In the spring I find the plating easier due to the burst of greens which always brightens up the dish, along with the vegetables and herbs that grow at this time of year. So when plating wild garlic flowers with their emerald stalks and brilliant white petals, or the new season jersey royals that are simply beautiful with their skins on, life is made much easier.

On the flip side in the autumn/winter where all the vegetables grow underground and don’t see any sun, they therefore don’t contain chlorophyll, which in turn means that these vegetables are dull in colour and quite often ugly. This means as a chef I need to put more thought into the presentation as these vegetables don’t naturally lend themselves to a pretty plate of food. Whether it be having to turn vegetables or having to cut them into a neat dice this is the type of route we have to go down during these months. 

What are your top three artistic tips for home chefs who want to wow their guests?

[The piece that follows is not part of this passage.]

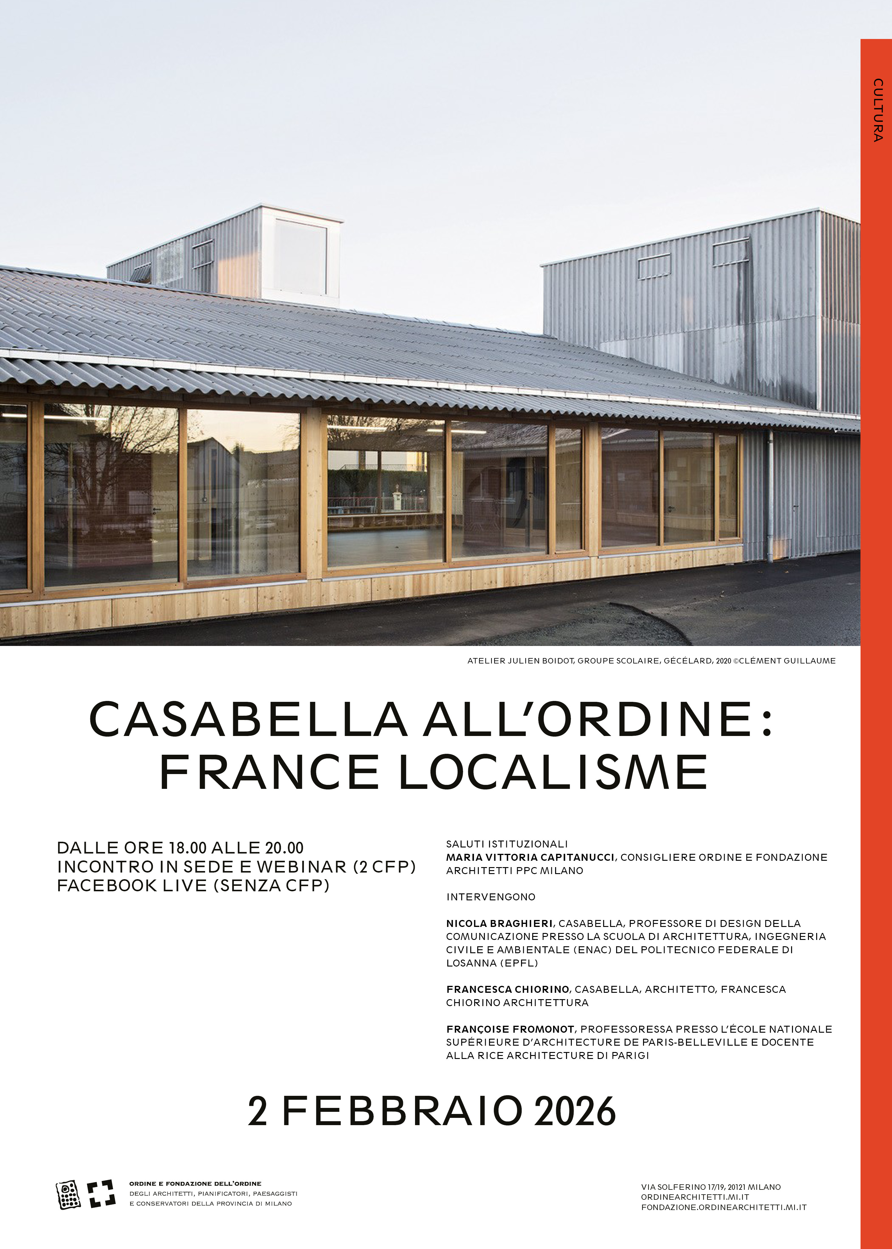 Lunedì 2 febbraio 2026, dalle ore 18 alle 20, presso la sede dell'Ordine degli Architetti PPC di Milano e in webinar, prosegue il ciclo di incontri in collaborazione con la rivista Casabella. Il secondo evento sarà dedicato all'architettura francese, occasione per presentare il numero 976 di dicembre 2025. Interverranno Nicola Braghieri, Francesca Chiorino, Françoise Fromonot. 2 cfp

Don’t try too hard! Less is more.

Always put the tallest element at the back. When your guests are sitting at the dining table they want to see the whole plate in its entirety. This is made possible by plating from front to back, shortest to tallest. 

Don’t over sauce the plate. A nice spoon over the meat to get the temperature up is ample for presentation. Remember, you can always serve more sauce on the side.